The dynamics of the microbial community in CTLs at various stages of fermentation. The following are the results of principal coordinate analysis (PCoA) of bacterial (A) and fungal (B) communities using the Bray–Curtis distance matrix; indicator analysis; and cross-validation statistical tests: bacteria (C) and fungi (D)

Indicator value analysis was conducted to compare the species richness across the three stages of CTLs and identify the significant differences in the studied genera. A comprehensive assessment of bacterial genera revealed a total of 13 genera that exhibited noteworthy significance as indicators for distinct fermentation stages. Similarly, for fungal genera, a total of 7 genera demonstrated significant indicator values (indicator value p < 0.01). Remarkably, the microbial genus assemblages indicative of phase 1, 2, and 3 fermentation stages, as classified based on CTLs’ diverse industrial fermentation processes, remained consistently present throughout the sampling period. However, as quantified by the coefficient of variation, certain time points displayed higher relative abundances and lower variation (Fig. 4C–D).

Relationship between the microbial community, physicochemical characteristics, and volatile compounds

In all CTLs samples, Pearson correlation analysis was carried out (R > 0.5, p < 0.05; Fig. 5A–B) to investigate any potential relationships between the dominating genera and four important environmental parameters (moisture, total acid, total sugar, and reducing sugar content). The results unveiled intriguing associations between these factors and the microbial composition. Notably, a positive correlation was observed between total sugar and bacterial genera.
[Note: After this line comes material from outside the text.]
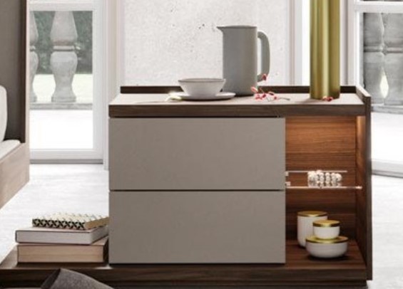 Das funktionelle Modell des berühmten italienischen Möbelhauses mit modernem Design fügt sich perfekt in jedes Schlafzimmer ein. Es wird nicht nur viele wichtige Gegenstände unterbringen, sondern auch den Raum schmücken. LED-Nischenbeleuchtung mit Glasregal fügt Originalität und Komfort hinzu. Es gibt ein offenes Regal zur bequemen Aufbewahrung sowie zwei Schubladen mit Soft Closer für geräuschloses Schließen. Montiert auf einer Plattform mit unauffälligen Beinen lässt er sich leicht im Raum bewegen. Eine bequeme große Tischplatte mit einer doppelseitigen Kante um den Umfang ermöglicht es Ihnen, das Produkt als Nachttisch oder Schreibtisch zu verwenden.

Conversely, moisture and total acid displayed negative correlations with all bacterial genera, except for Facklamia (Fig. 5A). It is important to note that fungi were affected by environmental conditions differently than bacteria were. Both total sugar and reducing sugar exhibited positive correlations with five selected fungal genera, while moisture and total acid displayed negative correlations with all genera, with the exception of Xeromyces (Fig. 5B). These correlation analyses may offer a new insight into the complex dynamics of CTLs fermentation by highlighting the complicated interplay between physicochemical characteristics and microbial communities.

Fig. 5
figure 5

The correlation network between selected bacteria and physicochemical indicators (A), and the correlation network between selected fungi and physicochemical indicators (B). Pearson’s correlation coefficient (R > 0.5, p < 0.05) was used to calculate the selected bacteria or fungi; variation partitioning analysis of the relative contributions of moisture, reducing sugar, total sugar, and total acid to variation in CTLs bacterial β-diversity (C); and variation partitioning analysis of the relative contributions of moisture, reducing sugar, total sugar, and total acid to variation in CTLs fungal β-diversity (D). Heat map of correlation between bacterial (E) with fungal (F) and VOCs; blue and green represent positive correlation, red and purple represent negative correlation, and the size of the circles represents the magnitude of the |R| value; significant correlations were expressed by *, **, ***, and ****, which were p < 0.05, p < 0.01, p < 0.001, and p < 0.0001, respectively. VOCs2, beta-cyclocitral; VOCs3, decyl aldehyde; VOCs7, phenylacetaldehyde; VOCs10, acetophenone; VOCs11, isophorone; VOCs12, 2,6,6-trimethyl-2-cyclohexene-1,4-dione; VOCs26, 1-(3,4,5-trimethylphenyl) ethenone; VOCs28, farnesylacetone; VOCs36, tetrahydro-actinidiolide; VOCs39, undecane; VOCs53, (-)-alpha-terpineol; VOCs55, 2,6-di-tert-butyl-4-methylphenol; VOCs58, 3-acetylpyridine; VOCs62, quinoline and VOCs63, indole

The impact of moisture, reducing sugar, total sugar, and total acid on microbial community variation is illustrated in a bar diagram (Fig. 5C–D). The comprehensive analysis of all variables accounted for 61.87% and 8.51% of the variation in the bacterial and fungal communities of CTLs, respectively. Among the bacterial community, the major contributor was total sugar, which accounted for 30.71% of the variation. Additionally, total acid (21.94%) made a substantial contribution, while moisture (5.11%) and reducing sugar (4.11%) had comparatively smaller effects on bacterial β-diversity in CTLs. Regarding the fungal community, total acid (3.39%) emerged as the primary contributing factor. On the other hand, moisture (− 1.47%), reducing sugar (− 1.62%), and total sugar (− 2.03%) displayed negative contributions to the fungal community variation.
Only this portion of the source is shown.